**Work instructions:**
Look below for the line with "When Chloe attempts" and the line with "Figura 2. Delimitarea"; repeat exactly those two lines and all lines between them, but no pictures.

(Stored data)
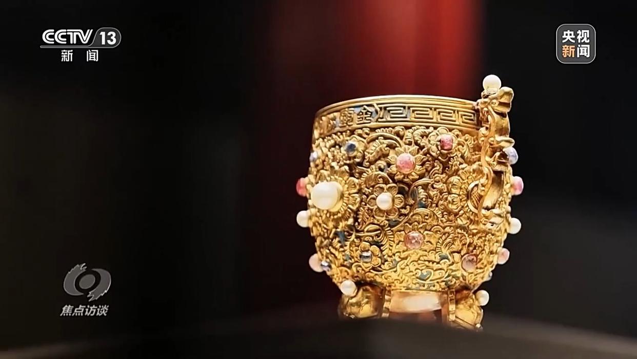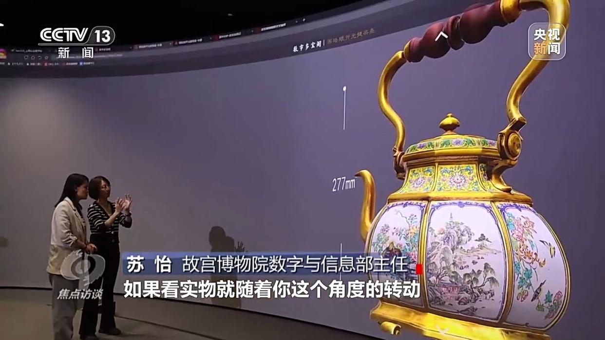 故宫博物院数字与信息部主任 苏怡:文物金属丝的部分,如果看实物,随着角度的转动、光线的变化上面金属的反光肯定会变,但是如果只是拍了一张照片,它是固定在一个时刻一个角度的,就不会产生真实文物的变化。用激光三维测量把它的形体准确地扫描下来,再用多个相机点位、很小间隔拍摄多张照片,这样在数字环境里打上特定的光源,才能够反映出和现实世界里看到一样的效果,掐丝会更亮一些。
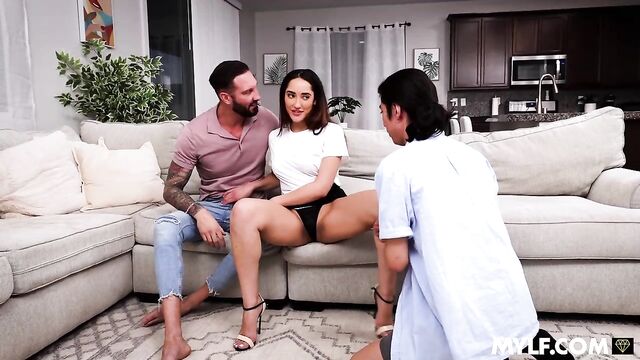 When Chloe attempts to enter her house through the window, she finds herself stuck. Her husband, Quinton, sees an opportunity to be cheeky and pulls his cock out. He can see right up her dress, and oh, what a wonderful sight it is. He pushes himself inside of her, and she loves this weird, kinky mess she’s ended up in. But things get even more wild when her stepson, David, approaches from the front. He has the same idea as his stepdad and pulls his dick out. Now, Chloe is getting fucked from the front and the back. When Quinton sees David, he flips out. But the stepfamily comes around quickly and gets right back to fucking. Chloe takes on both men like a champ, acting like the perfect slutty stepmom she knows she is. She had always dreamed of a day where she would be pampered by the most important men in her life. They treat her like the queen stepmom she is, keeping her holes filled and stimulated. She needs their cum, and the guys fuck her hard until they’re both shooting out hot loads for her.
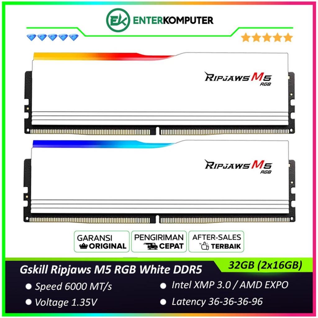 Gskill Ripjaws M5 RGB White DDR5 PC48000 6000MHz 32GB (2x16GB) / RAM 32GB
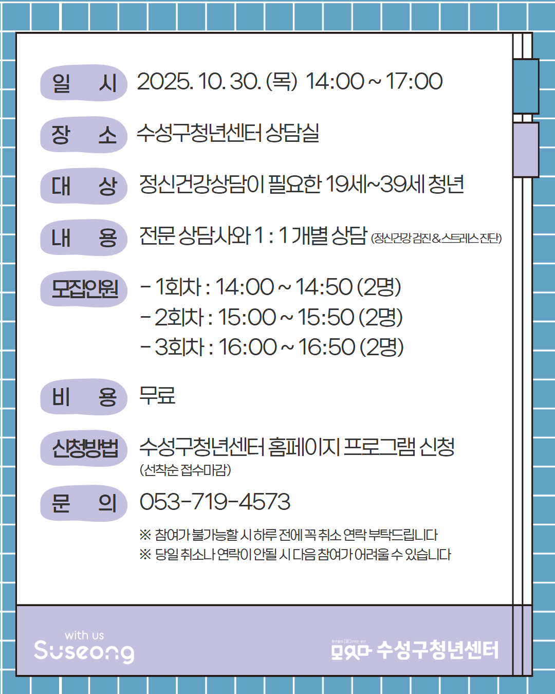 <청년마음상담소> 10월 청년마음건강상담 with 수성구정신건강복지센터
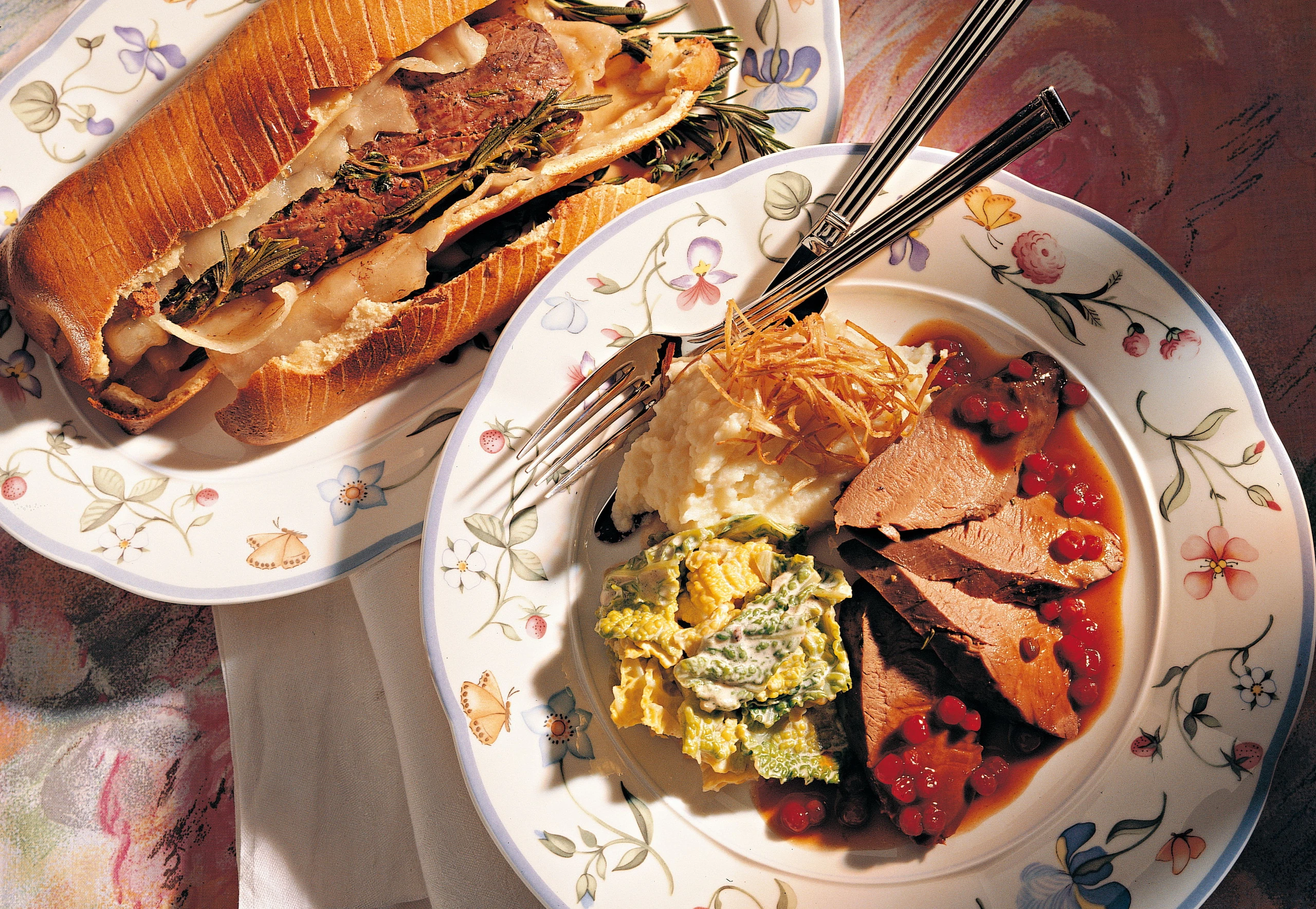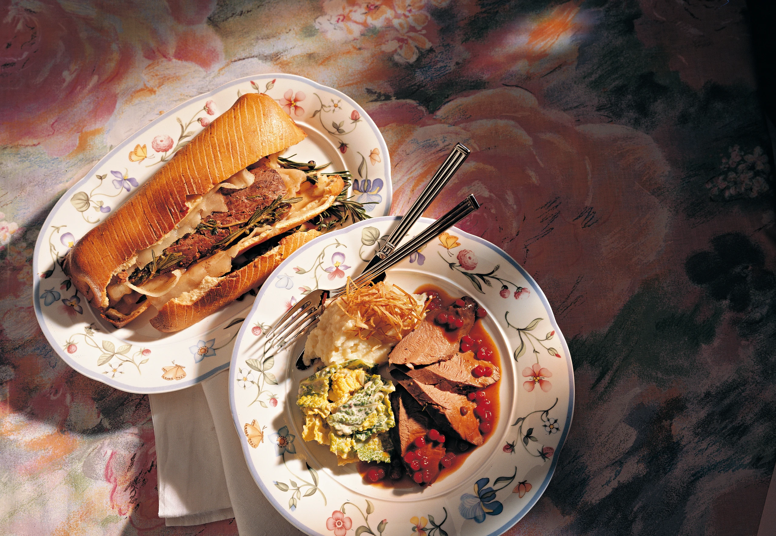 Teig aufbrechen, das Fleisch herausnehmen, Speck enfernen und Fleisch in dünne Scheiben schneiden. Als Beilagen serviert man Rahmkohl, Sellerie-Püree und eventuell Kroketten.
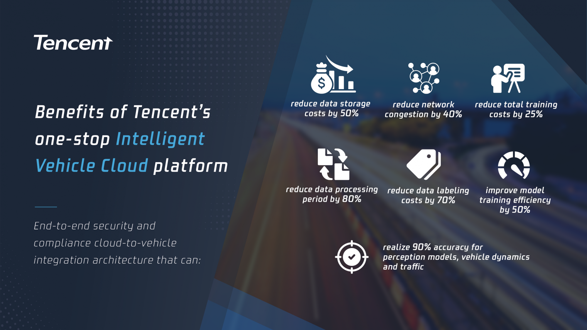 Our advanced cloud data storage ecosystem addresses challenges around the huge data volume and high storage costs involved in the development of AD. Tencent’s flexible out-of-the-box, low-cost tools also ensure a smooth user experience. Meanwhile, end-to-end security and compliance in our cloud-to-vehicle integration architecture resolve complex compliance issues when entering a new market.
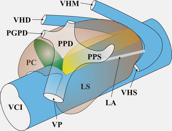 Figura 2. Delimitarea LC in raport cu pediculii glissonieni si venele hepatice. PPD - pediculul portal drept; PPS - pediculul portal stang; PGPD - pediculul glissonian posterior drept; VHD - vena hepatica dreapta; HVM - vena hepatica medie; VHS - vena hepatica stanga; VCI - vena cava inferioara. |
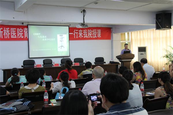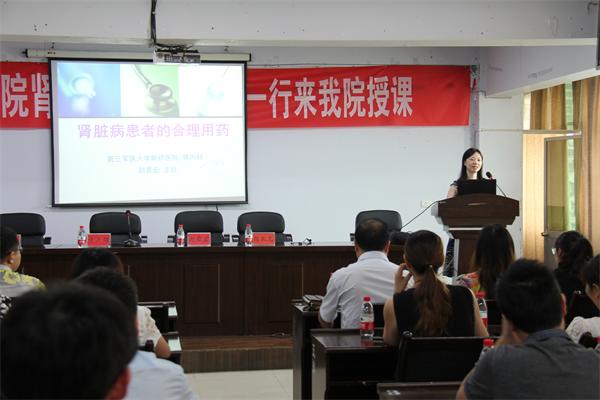 目前我院血液透析科拥有6台血液透析机,长期于我院血液透析病员40余人,为促进医院发展及医务工作人员业务知识学习,特于9月12日下午,我院特邀重庆市新桥医院肾内科专家一行为我院医务人员进行了一次“肾功能衰竭知识讲座”。赵景宏主任重点讲解了《肾脏病患者的合理用药》,从调整血脂、抗生素应用、血压控制、抗凝用药、抗血小板聚集等方面详细介绍了肾脏病患者的合理用药。赵主任强调,医护人员必须要清醒地认识到合理使用抗生素的责任与使命,尤其是肾脏病患者。

**Answer to this exercise:**
 When Chloe attempts to enter her house through the window, she finds herself stuck. Her husband, Quinton, sees an opportunity to be cheeky and pulls his cock out. He can see right up her dress, and oh, what a wonderful sight it is. He pushes himself inside of her, and she loves this weird, kinky mess she’s ended up in. But things get even more wild when her stepson, David, approaches from the front. He has the same idea as his stepdad and pulls his dick out. Now, Chloe is getting fucked from the front and the back. When Quinton sees David, he flips out. But the stepfamily comes around quickly and gets right back to fucking. Chloe takes on both men like a champ, acting like the perfect slutty stepmom she knows she is. She had always dreamed of a day where she would be pampered by the most important men in her life. They treat her like the queen stepmom she is, keeping her holes filled and stimulated. She needs their cum, and the guys fuck her hard until they’re both shooting out hot loads for her.
 Gskill Ripjaws M5 RGB White DDR5 PC48000 6000MHz 32GB (2x16GB) / RAM 32GB
 <청년마음상담소> 10월 청년마음건강상담 with 수성구정신건강복지센터
 Teig aufbrechen, das Fleisch herausnehmen, Speck enfernen und Fleisch in dünne Scheiben schneiden. Als Beilagen serviert man Rahmkohl, Sellerie-Püree und eventuell Kroketten.
 Our advanced cloud data storage ecosystem addresses challenges around the huge data volume and high storage costs involved in the development of AD. Tencent’s flexible out-of-the-box, low-cost tools also ensure a smooth user experience. Meanwhile, end-to-end security and compliance in our cloud-to-vehicle integration architecture resolve complex compliance issues when entering a new market.
 Figura 2. Delimitarea LC in raport cu pediculii glissonieni si venele hepatice. PPD - pediculul portal drept; PPS - pediculul portal stang; PGPD - pediculul glissonian posterior drept; VHD - vena hepatica dreapta; HVM - vena hepatica medie; VHS - vena hepatica stanga; VCI - vena cava inferioara. |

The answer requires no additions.